Tony highly praised the well-designed user interface of Tidy3D compared to other simulation tools he has tried previously. The intuitive Python API of Tidy3D integrates effortlessly into his existing workflow, and the capabilities for importing and exporting GDS files facilitate a smooth transition between simulation and actual cleanroom fabrication. Moreover, Tony has commended the technical support team at Tidy3D for their prompt and effective assistance. Tony ran a broadband simulation in one specific case, but the result obtained had a strange discontinuity in the lower end of the wavelength range. Puzzled by the result, Tony contacted Tom and Emerson, the Senior Photonics Engineers at Flexcompute. They did a test together to identify the issue. “They helped me think a different way about the problem. Looking back, you might feel the solution was rather obvious, but it would have taken me a long time to figure that out myself. It’s always helpful to reach out to [Flexcompute’s] experts and get their opinion on the matter,” said Tony.
However, Tony and his teammates’ long-term goal is to explore active components utilizing the large electro-optic coefficient and nonlinear coefficients of lithium niobate. This vision aligns perfectly with Tidy3D’s development blueprint as the Tidy3D team continues to develop more advanced nonlinearity features and multi-physics solvers. These additions enable more rigorous simulations in thermo-optic and electro-optic domains, which is essential for the work Tony and his lab aspire to undertake.

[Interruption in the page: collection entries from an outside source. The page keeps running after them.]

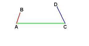 Proviamo allora a ridurre il segmento AC in modo che la sua lunghezza sia uguale alla somma degli altri due e vediamo se, in questo caso, riusciamo a formare un triangolo.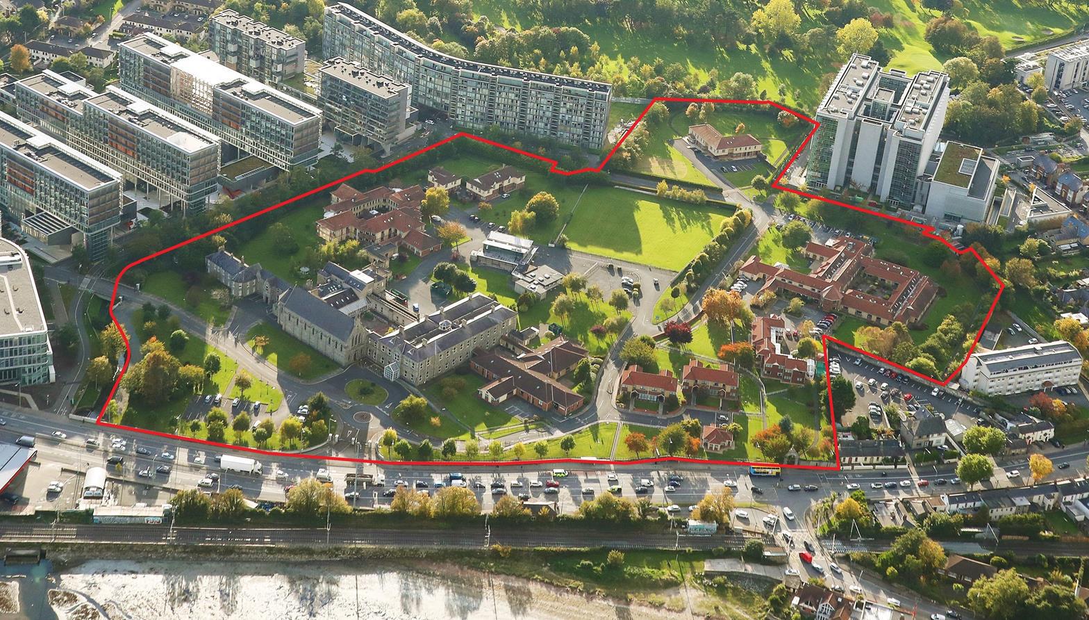 Site of castle is around the N end of the courtyard of St.Mary's School for the Blind.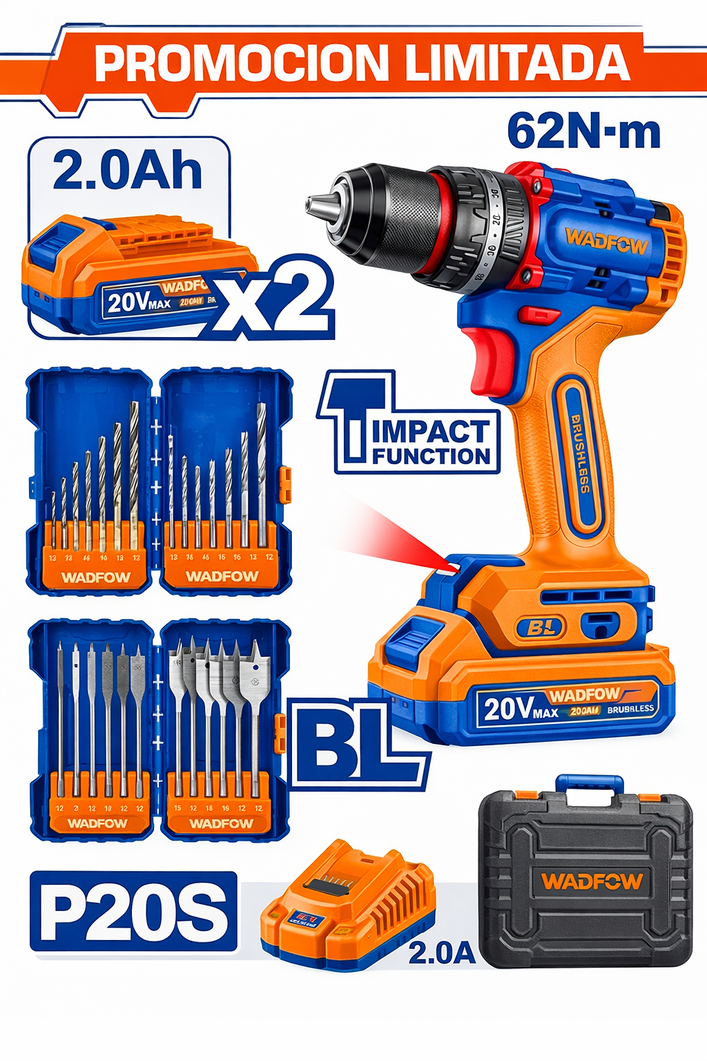 KIT TALADRO PERCUTOR A BATERIA 20V 62NM (C/ ACCESORIOS) - 2BAT/CAR - PROMO - WOS250895 - WADFOW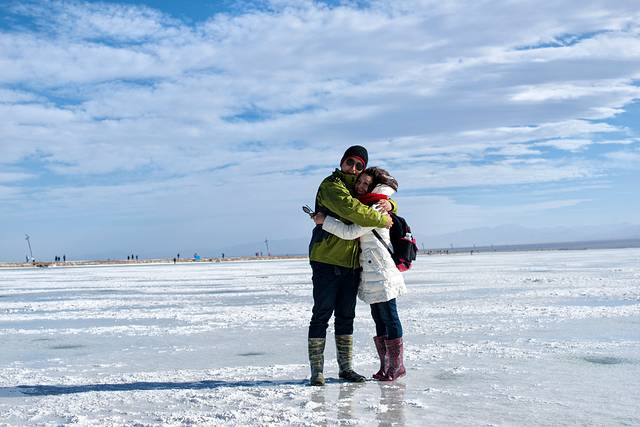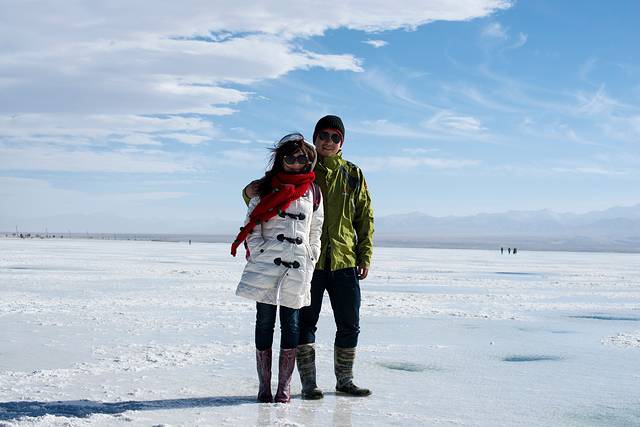 估计来时季节不对,盐湖上几乎没有水,倒影就无从出来了。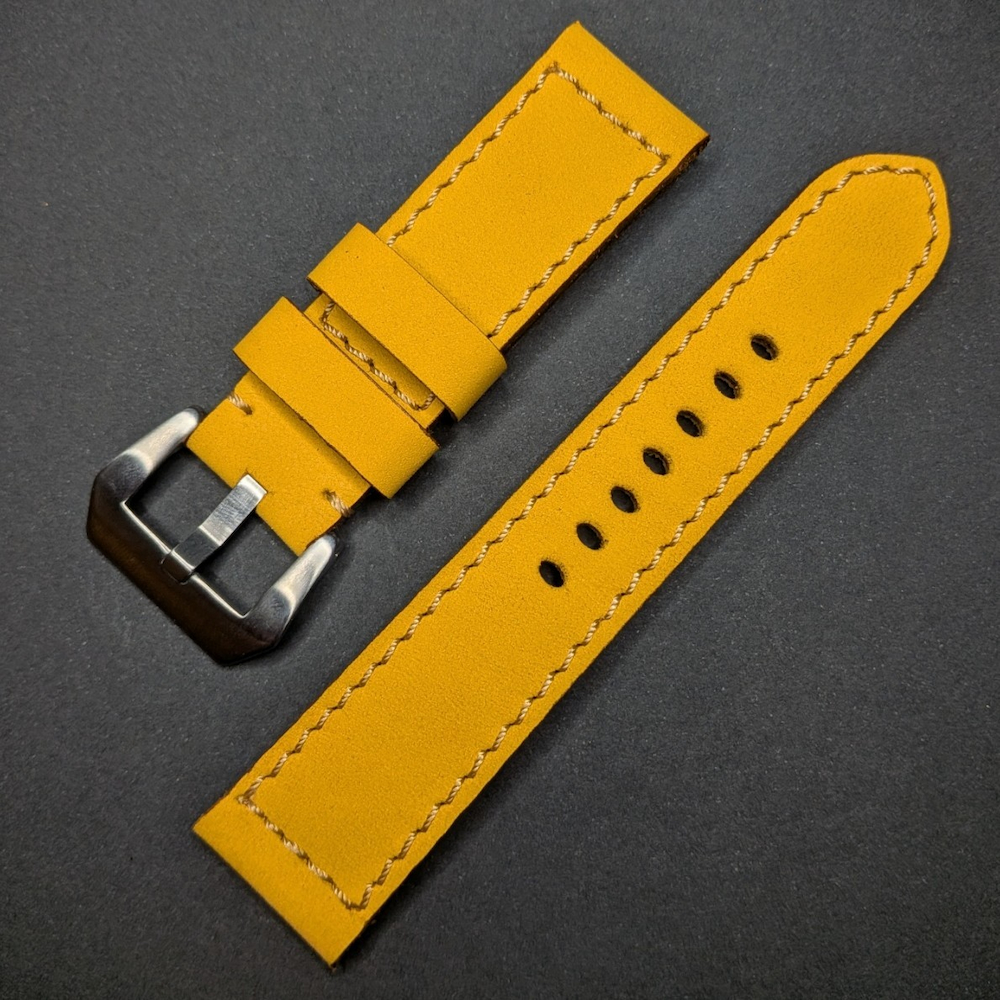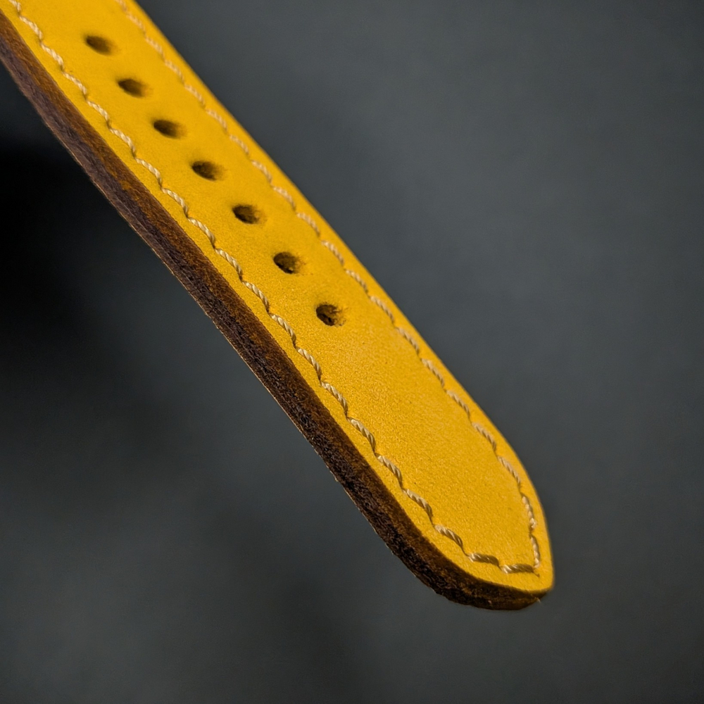 Correa artesanal confeccionada en Nobuk de cuero vacuno en color amarillo, un tono luminoso y original que aporta frescura y personalidad al reloj. Su acabado mate y textura suave y flexible ofrecen una sensación muy agradable al contacto con la piel.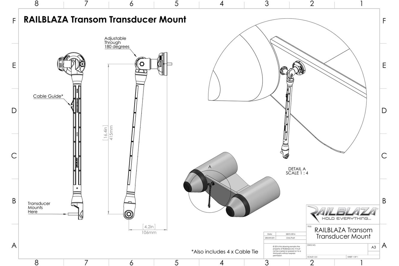 Die RAILBLAZA Transducer Arm XL ist eine Echolot-Geberstange speziell für Schlauchboote oder hohe Boote, die eine sichere und stabile Befestigung des Echolot-Gebers am Heckspiegel ermöglicht.

The success story of Tidy3D in the Lončar Lab underscores the software’s pivotal role in advancing nanophotonics research. From its user-friendly interface and fast simulation speed to its advanced features, such as nonlinearity and inverse design plugins, Tidy3D has proven to be a transformative tool. As the Lončar Lab continues to explore new frontiers in photonics, Tidy3D stands as an essential companion, empowering researchers to unlock novel insights and accelerate the pace of discovery in the ever-evolving field of nanophotonics.